Electronic structure of high-entropy R⁢OBiS2 (R=La, Ce, Pr, Nd, Sm, Gd) superconductors studied by soft x-ray absorption and photoemission spectroscopy

High-entropy alloy (HEA) superconductors are known to exhibit a robust superconducting state with adaptable thermomechanical properties. In this study, we have investigated the electronic structure of HEA-type ROBiS2 (R = rare earth) layered superconductors with mixing entropy using soft x-ray absorption (XAS) and x-ray photoemission spectroscopy (XPS) measurements. The electronic structure evolution differs between equivalent and nonequivalent R mixing as a function of mixing entropy. Ce M4,5-edge XAS and Ce 3d XPS reveal clear evidence of Ce3+/Ce4+ mixed valence in the HEA-type ROBiS2, similar to the pristine CeOBiS2 compound, suggesting a similar charge transfer mechanism responsible for self-doping in these materials.
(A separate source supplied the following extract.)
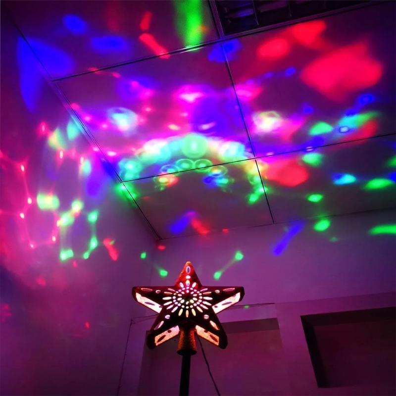 • CLASSIC DESIGN: This gold Xmas tree topper features hollow-out star design with shiny silver powder. Adding sparkling light to your Christmas tree. With colorful rainbow LED projector inside. Bring brilliant colors and warm Christmas ambiance.

Unlike Ce, all other R atoms exhibit a nominal R3+ valence state across samples with varying mixing entropy. The self-doped charge is consistent with the Luttinger volume estimated by previous angle-resolved photoemission spectroscopy (ARPES) studies. The distinct behaviors observed in equivalent and nonequivalent mixing are discussed in terms of differing potential energy landscapes of the Bi sites manifested in the Bi 4 f XPS spectra, where intrinsic disorder is expected to have different characteristics of the superconductivity.